The polymerase chain reaction (PCR) test MLB uses is about 99% accurate, which, in an individual sport such as golf, makes a false positive poor luck. With baseball, the math makes a mountain of a problem. If the league is doing 14,000 tests per week, that means 1% -- or 140 -- would register as false positives. That's a lot. That's too many. Executives around baseball have worried that a false-positive wave might hit their team and unnecessarily sideline players. The solution: the retesting of samples that come back as positive, which, barring some sort of procedural breakdown, takes that 1-in-100 chance of a false positive and reduces it drastically.
For there to be any chance that baseball works, the testing must be almost unimpeachable. As hard as that is, it should be the easiest part because at least MLB controls it. The league does not control local municipalities or state governments or any of the other entities that can create policy limiting gatherings or closing stadiums or ostensibly negating whatever chance baseball has at returning.
There is no good road map for this. MLB's data on the first round of COVID-19 testing was not expected to be particularly granular. It still won't be immediately clear if one team becomes particularly infected.

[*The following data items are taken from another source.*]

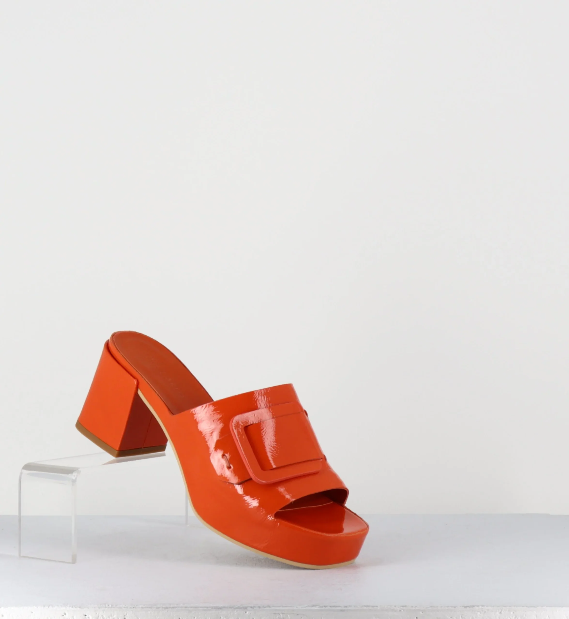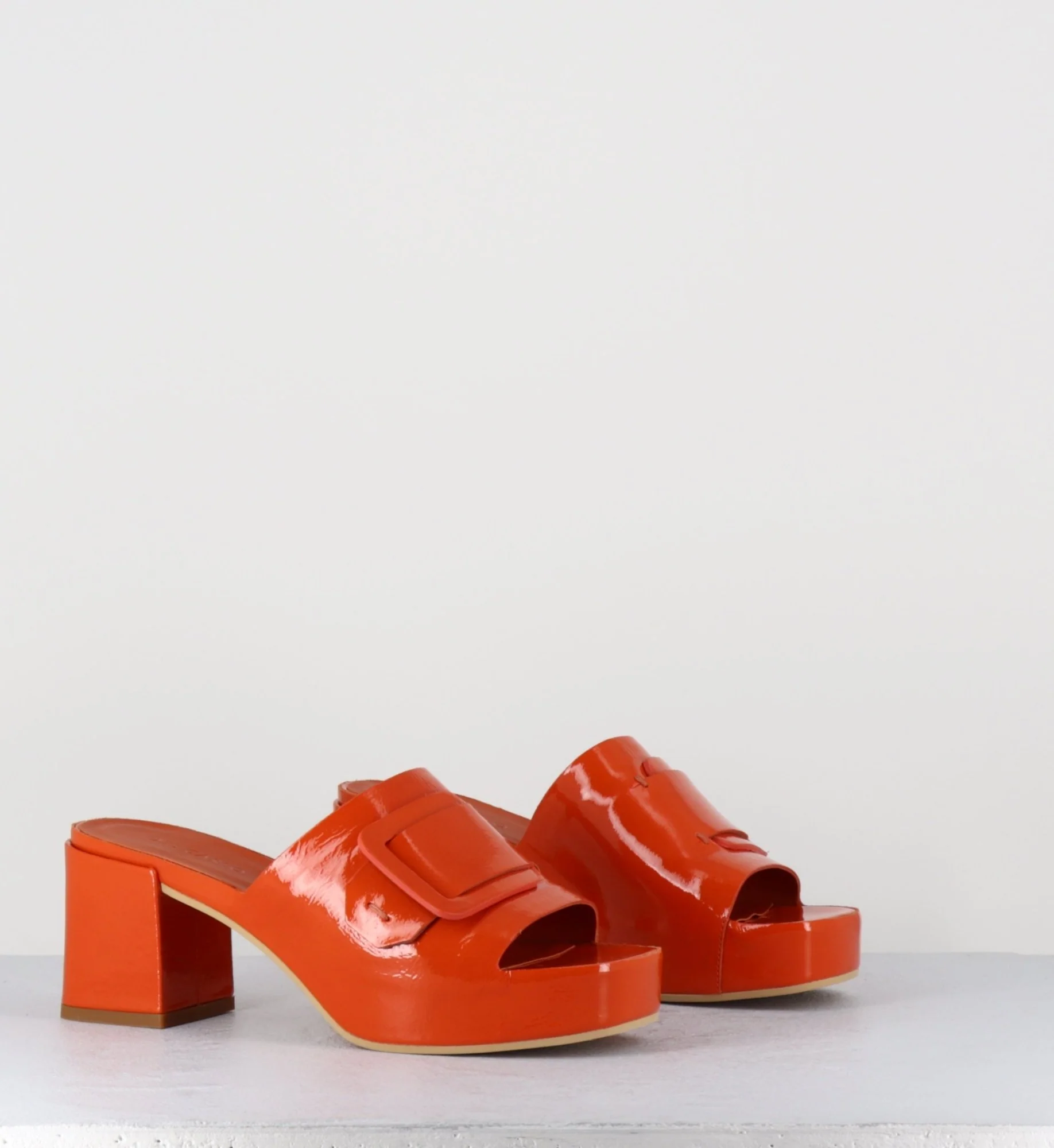 Mules à plateforme petit talon vernis orange – 11532 VETRO ORANGE
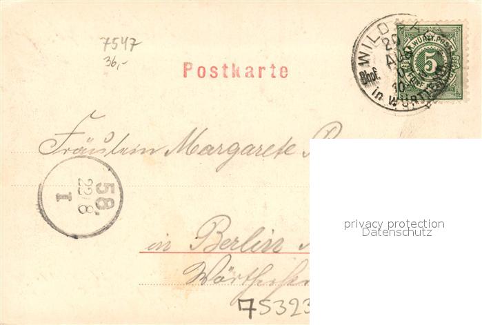 43075562 alte Postkarte Bad Wildbad Grosse Tanne Rollwassertal Forsthaus postalisch gelaufen Erhaltung siehe scans [FriedD77] KatCode: 11110008235079
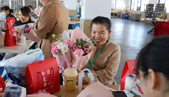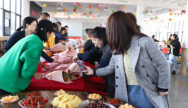 除了專屬禮品和鮮花外,公司還為每一位女神精心準備了奶茶、蛋糕、水果、小手工零食。滿滿的節日儀式感讓女同胞們臉上洋溢著幸福的微笑。
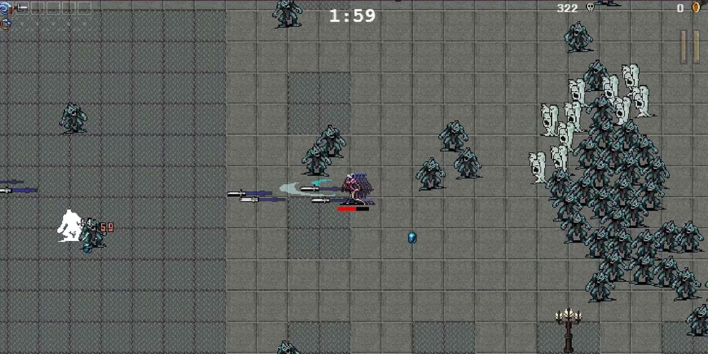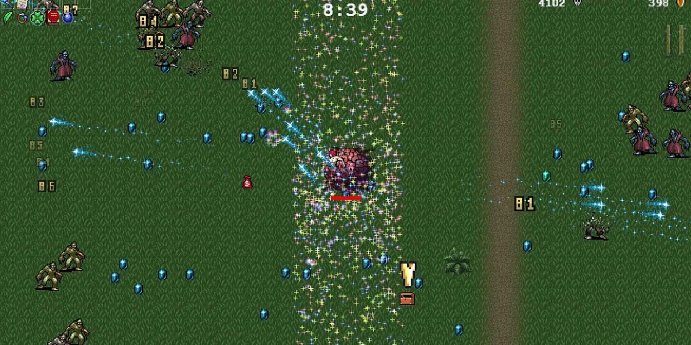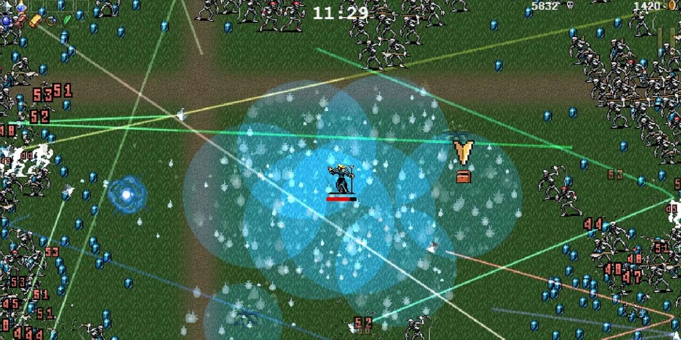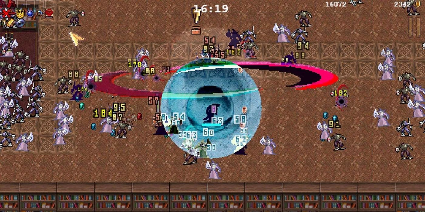 Esta combinación de armas en Supervivientes de vampiros Puede que inicialmente no sea obvio para los jugadores, pero funcionan bien juntos. Santa Water comienza como una de las peores armas del juego, pero cuando evolucionó a La Borra, se convierte en una de las mejores. La Borra crea charcos dañinos alrededor del superviviente en el centro de la pantalla. El Runtracer es excelente porque atraviesa enemigos y rebota en las paredes. Esto debilita a los enemigos antes de que finalmente sean derrotados al recibir daño de La Borra.
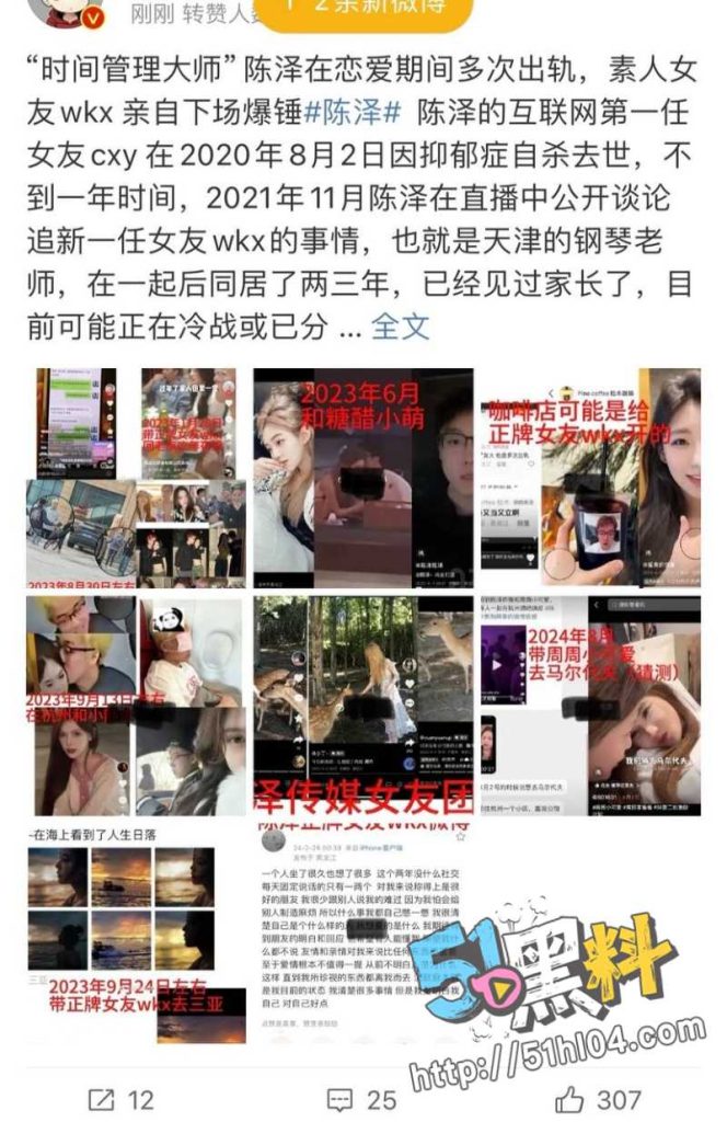 抖音1600万粉丝网红陈泽恋情曝光:前女友鲨鱼的饭盒(王可欣)出来撕陈泽,立单身人设,冷暴力等,说在一起期间陈泽多次出轨,今年3月因为出轨打起来了才搬出来,期间一边哄着王可欣一边和周周小可爱在一起!黑料不打烊最老官网下载更劲爆的是其实王可欣也是陈泽的小三转正的!接触了一年多才发朋友圈公开的,还老立深情人设!妥妥女篮球解说黑料视频在线观看的一个时间管理大师啊!还有一些梦女粉丝还在维护!
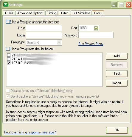 You can think of a proxy as a middle man that actually delivers the messages you want to send. The proxy also sends back replies he gets from the E-Mail server. In case you get a lot of “Unsure” (yellow color) replies, please don't blame the program but your dynamic IP. You should consider buying a proxy to get better results. One known service that other customers use is Hide-My-IP.com
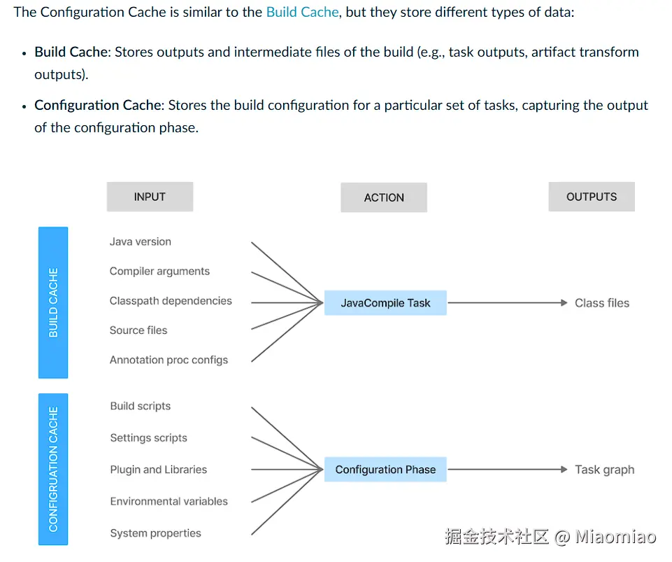 Gradle 在开始构建时,会先进行配置,解析配置文件,分析依赖等。在安卓中往往发生在Gradle Sync 时。Configuration Cahe 是针对配置阶段的缓存,当项目依赖较多,配置经常变动时尤其有用。此外,Android Studio 的Build Analyzer 也可能在你的项目配置较慢时提出warning 和添加configuration cache 的建议。

That might come from the COVID-19 injured list, which isn't being announced publicly but can be deduced from those who hit the IL without an announced injury. It's odd, and it doesn't make much sense, and that is so 2020.
Think about it this way: A sports league is trying to return in the middle of a pandemic in which case numbers around the country are rising. On July 3, that's where Major League Baseball is: officially Day 1 of the comeback, getting ready for the Washington Nationals to host the New York Yankees on July 23, Max Scherzer vs. Gerrit Cole.
Baseball is not shutting down today. It was ready for these positive tests and plenty more. It is ready to steer the game back. Until it isn't.